Be Careful What Standards You Use to Judge Historical Figures: The Case of Abraham Lincoln

abraham_lincoln2It’s always tricky to judge anyone’s moral character, much less that of historical figures who lived during times very different from our own. Most of the great people who founded the United States, for example, had slaves. Some even sired children with those slaves – like Thomas Jefferson. Hard to know how to judge that.
But most people feel pretty comfortable judging Abraham Lincoln, as being a great man with views on race well beyond those of his times. And that, indeed, is the truth. But take a closer look at what enlightened thinking looks like in those times. Here are words from a speech Lincoln gave where he tried to draw on the distinction between freeing slaves versus giving Negroes complete equality:

I have never seen to my knowledge a man, woman or child who was in favor of producing a perfect equality, social and political, between Negroes and white men. I recollect of but one distinguished instance that I ever heard of, so frequently as to be entirely satisfied of its correctness – and that is the case of Judge Douglas’s old friend Col. Richard M Johnson.

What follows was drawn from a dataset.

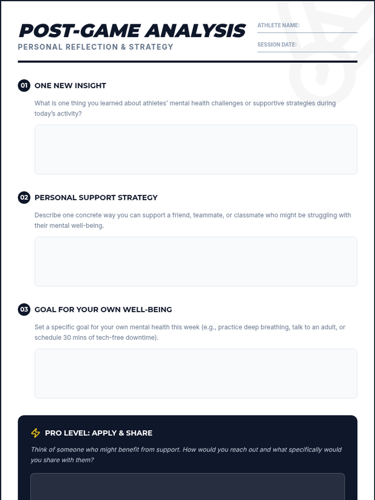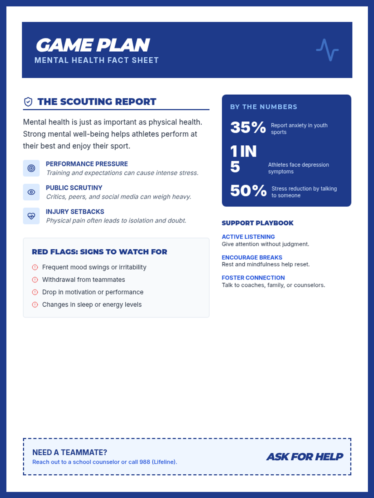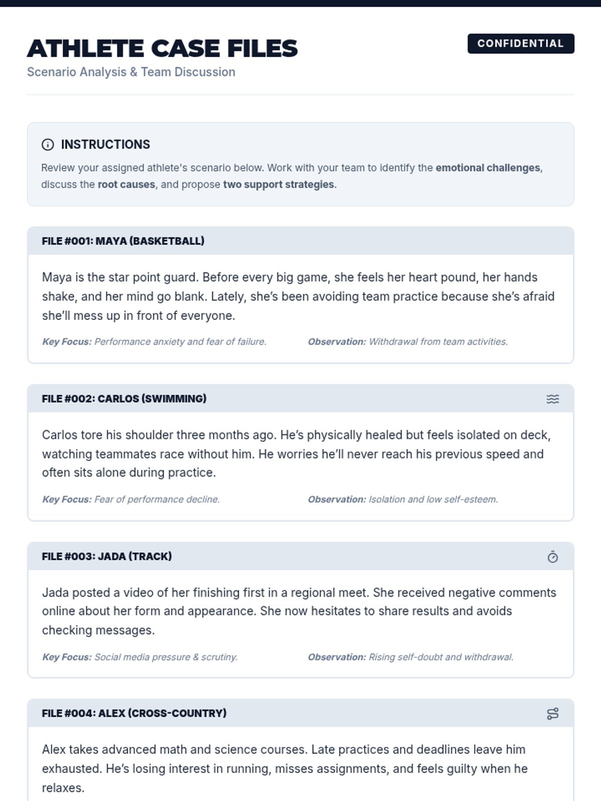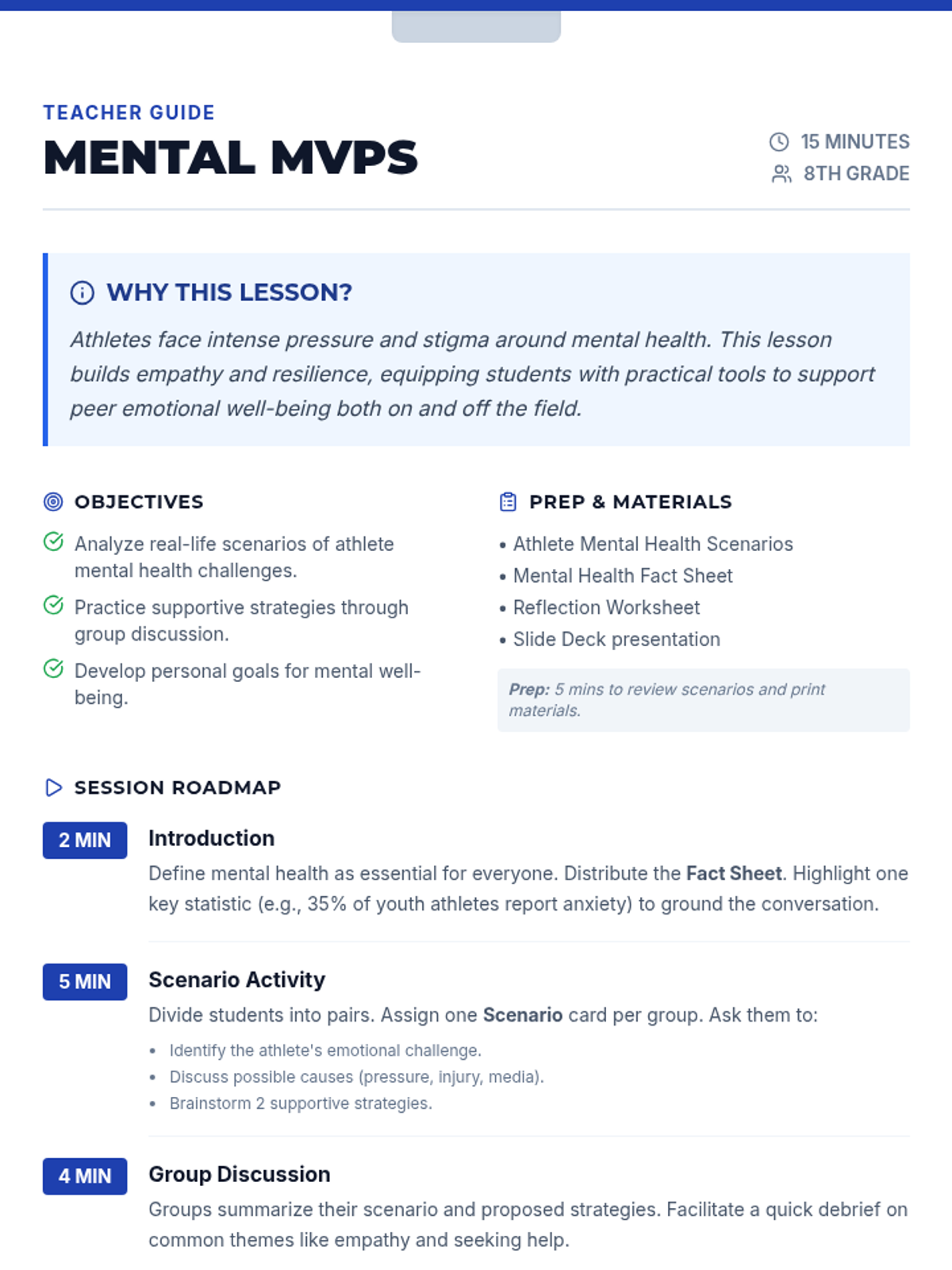 A 15-minute activity for 8th-grade students exploring the mental health challenges of athletes through scenario analysis and reflection. Students learn to recognize signs of struggle and practice supportive strategies to foster empathy and resilience.
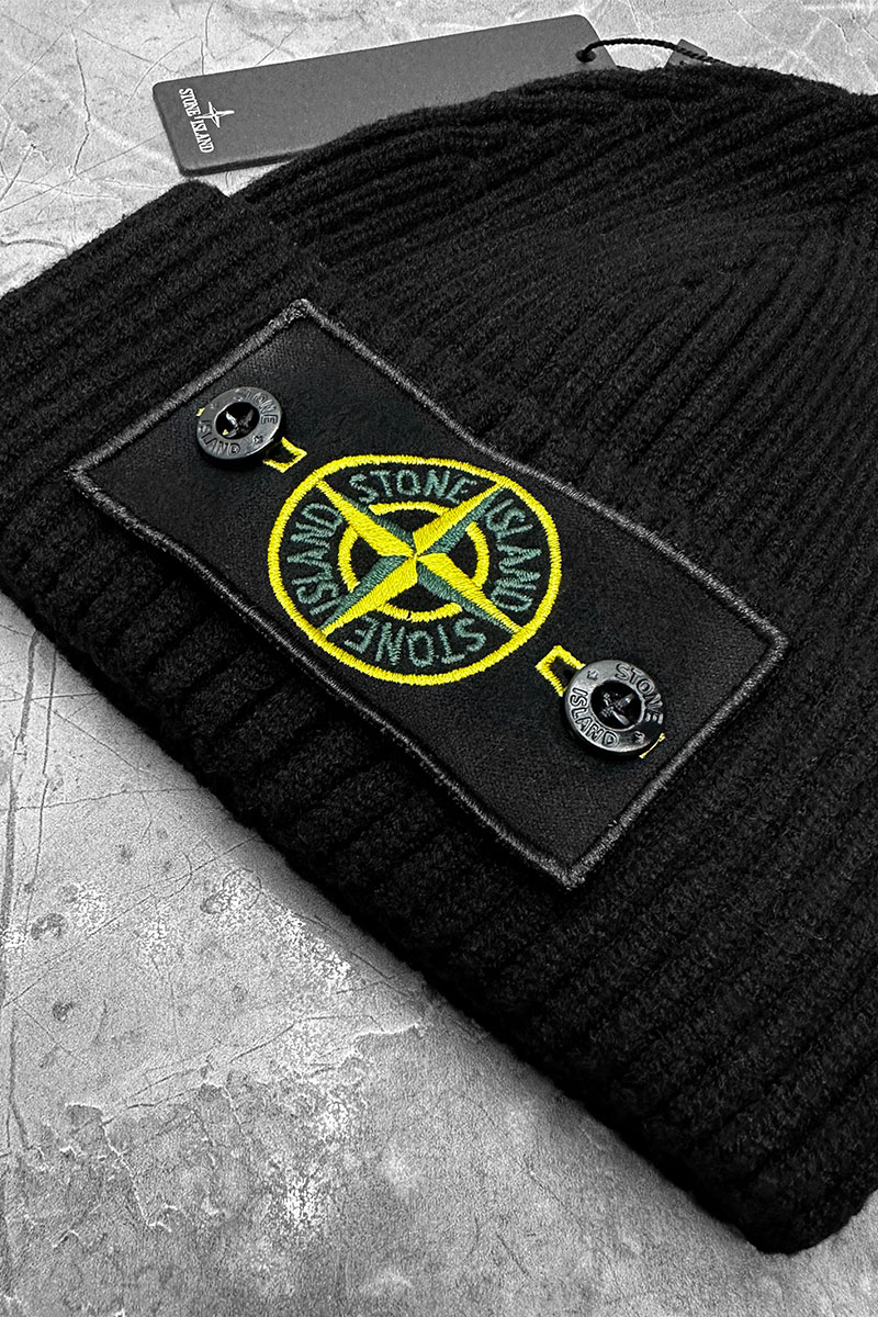 Шапка чёрного цвета Stone Island compass patch

This drew laughter from the audience, as Lincoln anticipated, because Johnson was known to have had children with a woman of “mixed race.” Lincoln then continued milking the crowd for laughter:

I will also add… That I have never had the least apprehension that I or my friends would marry Negroes if there was no law to keep them from it, [more laughter from crowd] but as Judge Douglas and his friends seem to be in great apprehension that they might, if there were no law to keep them from it, [even more laughter] I give him the most solemn pledge that I will to the very last stand by the law of this State, which forbids the marrying of white people with Negroes.

Remember that what Lincoln was espousing back then, as awful as it sounds to us now, was a dangerously progressive view at that time.